AWS simplifies data lakes with new formation service
12 August 2019 | 0
AWS Lake Formation a fully managed service to build, secure, and manage data lakes, that simplifies and automates many of the complex manual steps usually required to create a data lake, including collecting, cleaning, and cataloguing data, and securely making that data available for analytics.
Users can easily bring their data into a data lake from a variety of sources using pre-defined templates, automatically classify and prepare the data, and centrally define granular data access policies to govern access by the different groups within an organisation. This facilitates analysis of data using whatever choice of AWS analytics and machine learning services is required, including Amazon Redshift, Amazon Athena, and AWS Glue, with Amazon EMR, Amazon QuickSight, and Amazon SageMaker following, says AWS, in the next few months. There are no additional charges required to use AWS Lake Formation, says the maker, and users pay only for the underlying AWS services used.

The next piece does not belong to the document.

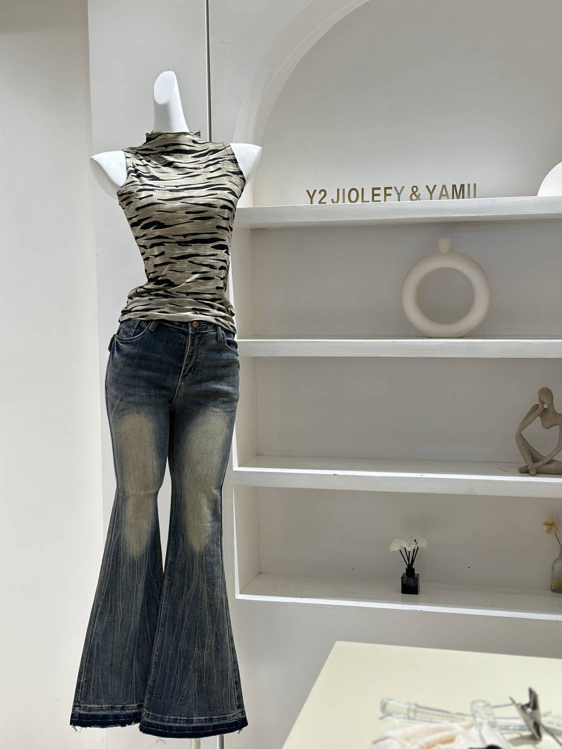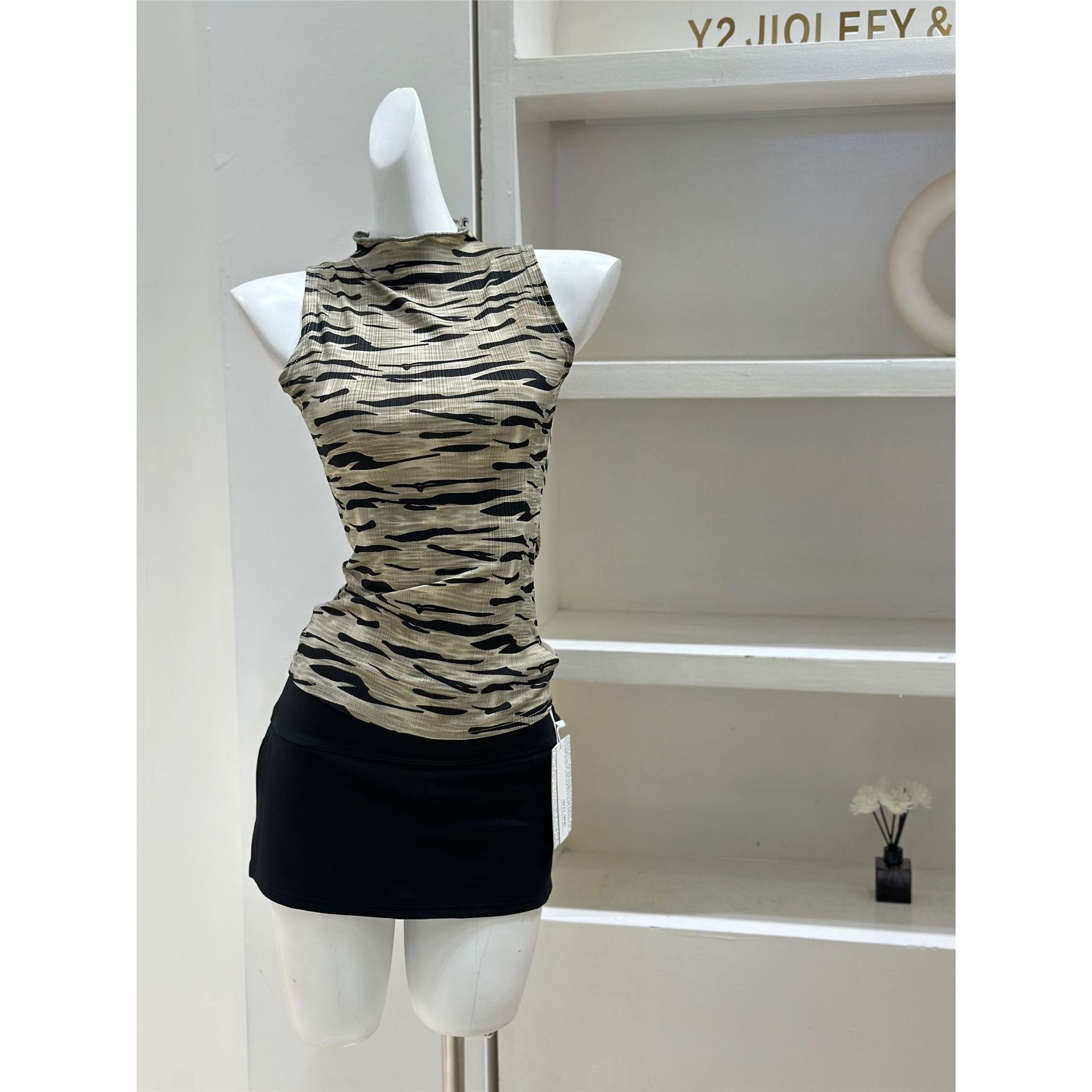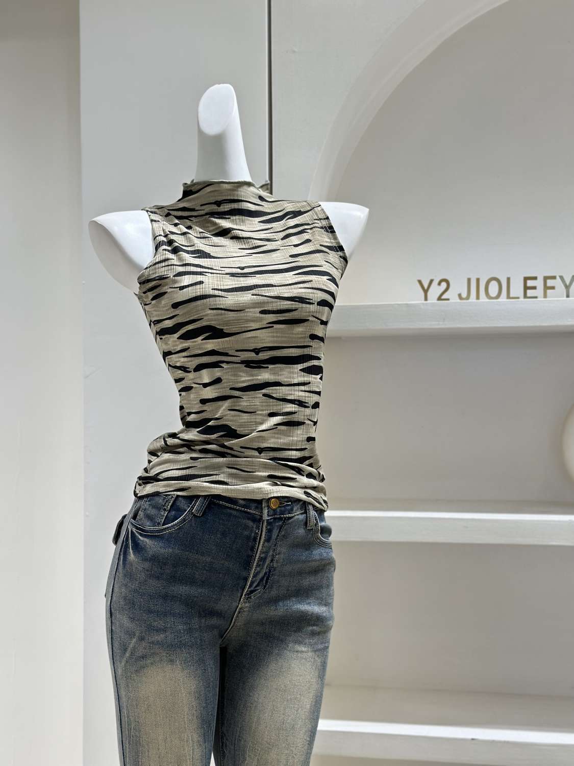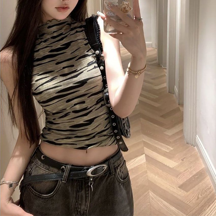 【月销10万】半高领迷彩背心女夏季修身显瘦设计感别致甜辣小上衣

AWS acknowledges that while Amazon Simple Storage Service (Amazon S3) is a popular service on which to build a data lake, the process can be unwieldy and time consuming.

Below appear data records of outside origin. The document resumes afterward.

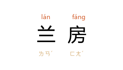 ⒉ 对女子居室的美称。南朝梁·刘孝绰〈洪上人戏荡子妇示行事〉诗:「日暗人声静,微步出兰房。」也作「兰堂」、「兰闺」、「兰室」。
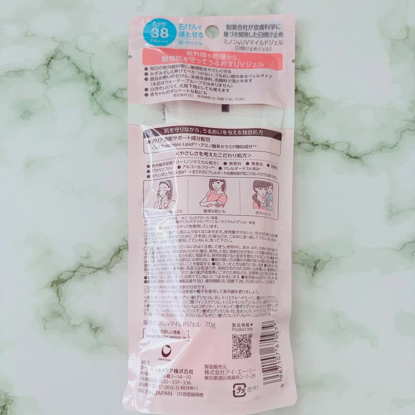 - SPF38 PA+++ 紫外線から敏感肌を守ってうるおすジェルタイプの日焼け止め。みずみずしくのびてべたつかない。顔にもからだにも使えます。白浮きしにくいため、化粧下地にも。いつもお使いの石けん、全身洗浄料、洗顔料で落とせます。家族みんなのUV対策に。 【肌を守りながら、うるおいを与える独自処方】 バリア機能サポート成分(保湿)配合(Self Protection Lipid※1・アミノ酸系セラミド類似成分※2) 【肌へのやさしさを考えたこだわり処方】 紫外線吸吸収剤フリー、パラベンフリー、アルコールフリー※3、無香料・無着色、弱酸性、アレルギーテスト済み、スティンギングテスト済み。(全ての方にアレルギーや皮膚刺激が起こらないわけではありません) ※1 コレステロール:保湿 ※2 ラウロイルグルタミン酸ジ(コレステリル/ベヘニル/オクチルドデシル):保湿 ※3 エチルアルコール無添加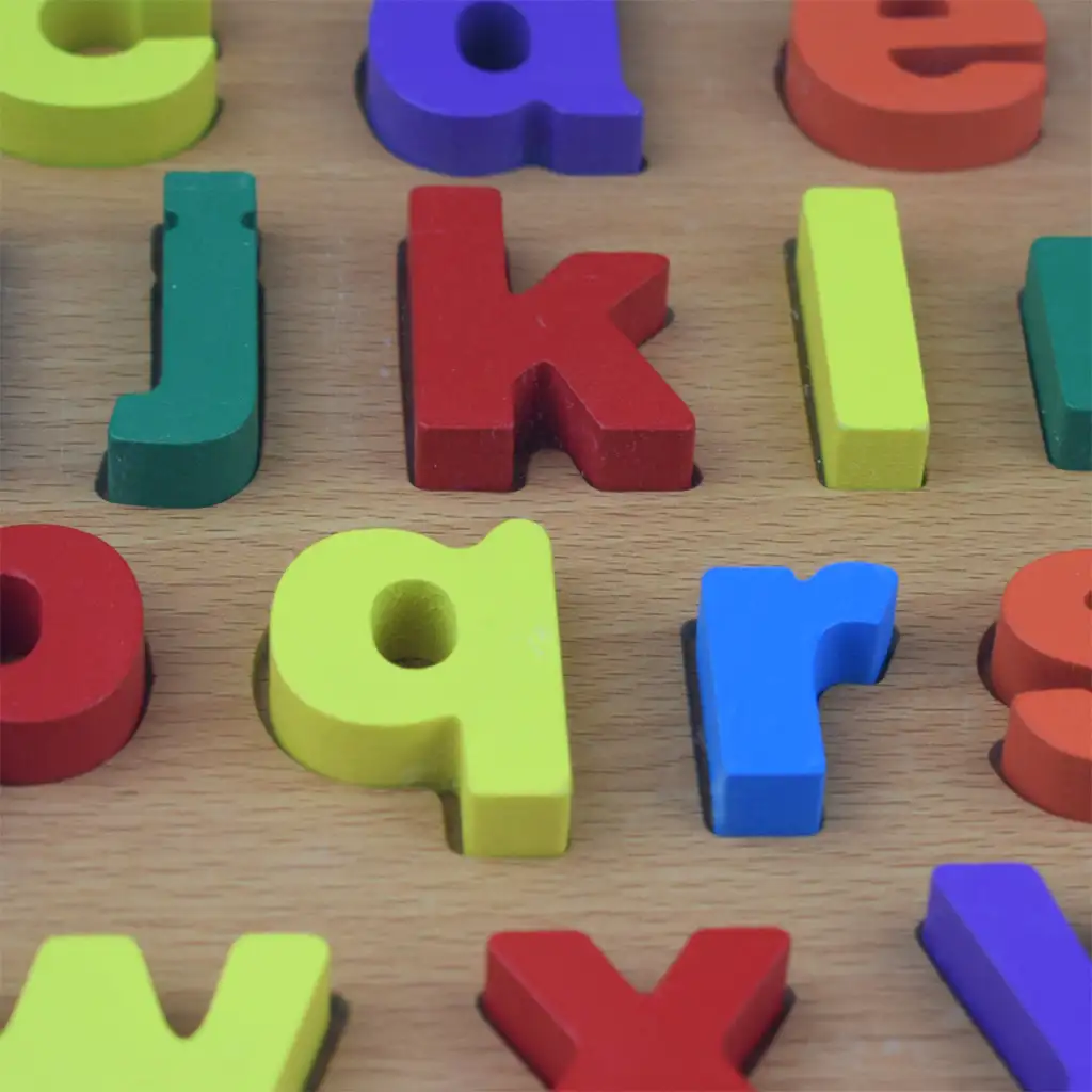 ABC farebné drevené malé písmená puzzle 30x22cmABC farebné drevené malé písmená puzzle 30x22cm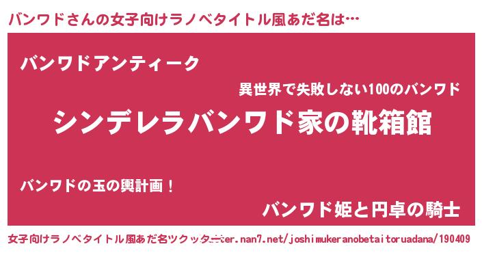 | 男性向けラノベタイトル風あだ名 | 『緋弾のバンワド』 |

The Lake Formation service , says AWS, significantly simplifies the process and removes the ‘heavy lifting’ from set-up process. It automates manual, time-consuming steps, such as provisioning and configuring storage, crawling the data to extract schema and metadata tags, automatically optimising the partitioning of the data, and transforming the data into formats like Apache Parquet and ORC that are ideal for analytics.

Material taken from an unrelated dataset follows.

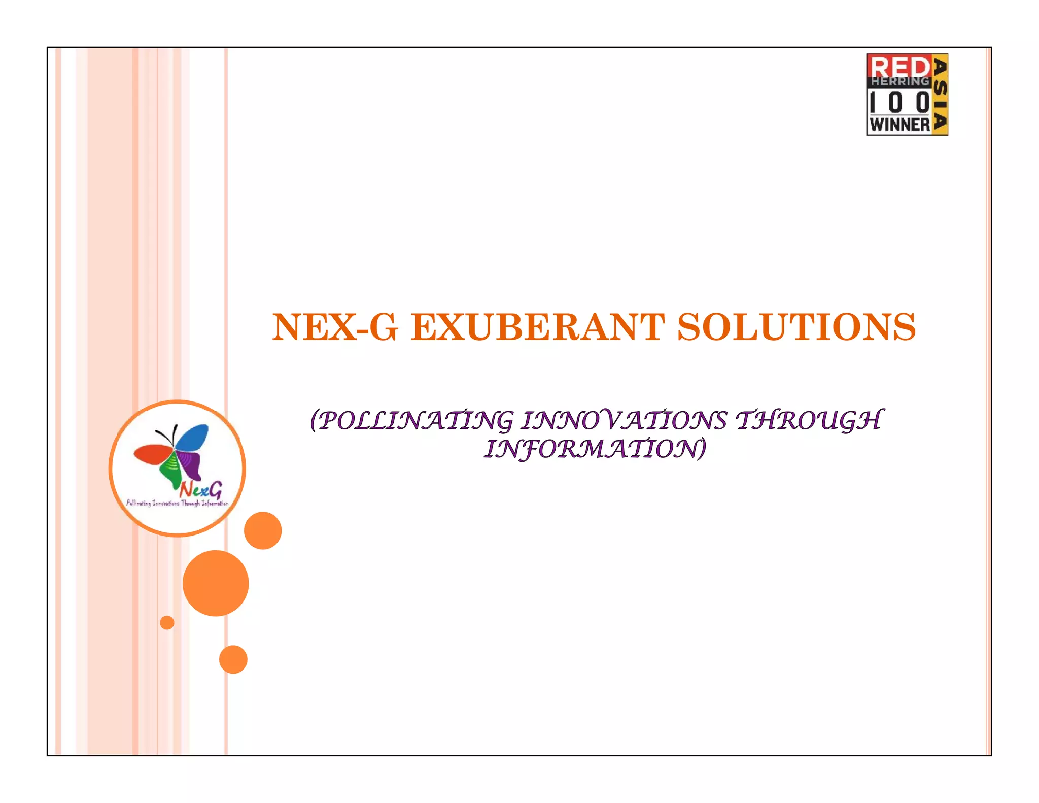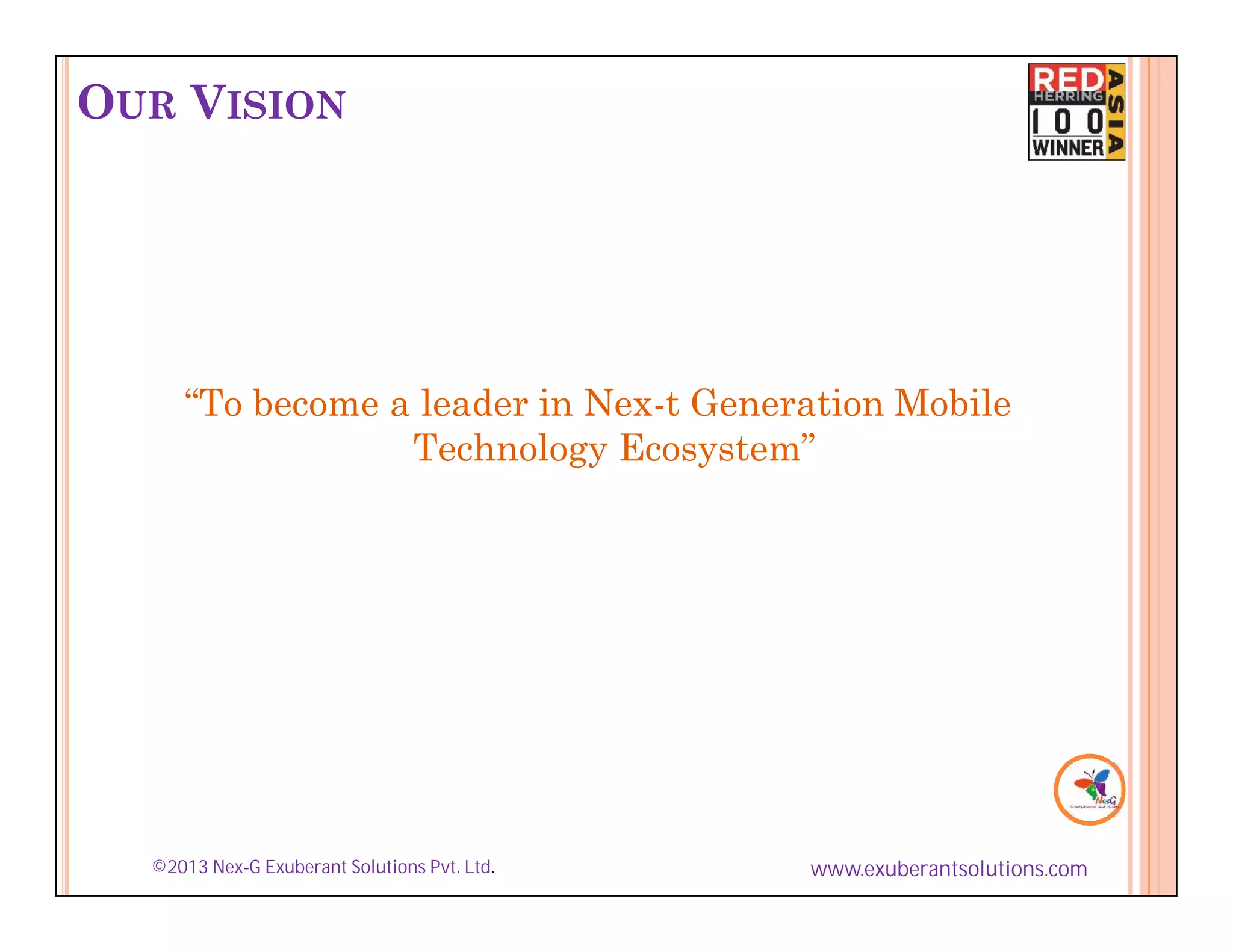 Nex-G Exuberant Solutions is a mobile technology company that provides training and consultancy services. Its vision is to be a leader in next generation mobile technologies. It aims to achieve high quality standards in technology consultancy, experts, and software solutions for next generation mobile technologies. The company provides training in areas such as mobile and network applications, protocol stack development and testing, and telecom and wireless technology.

AWS Lake Formation cleans and deduplicates data using machine learning to improve data consistency and quality. To simplify data access and security, AWS Lake Formation provides a single, centralised place to set up and manage data access policies, governance, and auditing across Amazon S3 and multiple analytics engines. To reduce the time analysts and data scientists spend hunting down the right data set for their needs, AWS Lake Formation provides a central, searchable catalogue which describes the available data sets and their appropriate business use. Users can now easily access data from a single place, says AWS, setting up and using a data lake in days instead of months.
“Our customers tell us that Amazon S3 is the ideal place to house their data lakes, which is why AWS hosts more data lakes than anyone else – with tens of thousands and growing every day. They’ve also told us that they want it to be easier and faster to set up and manage their data lakes,” said Raju Gulabani, vice president, Databases, Analytics, and Machine Learning, AWS. “That’s why we built AWS Lake Formation, so customers can spend more time learning from their data and innovating, rather than wrestling that data into functioning data lakes. AWS Lake Formation is available today and we’re excited to see how customers use it as one of the building blocks for growing and transforming their businesses and customer experiences.”
AWS Lake Formation is available now in US East (Ohio), US East (N Virginia), US West (Oregon), Asia Pacific (Tokyo), and Europe (Ireland) with additional regions coming soon.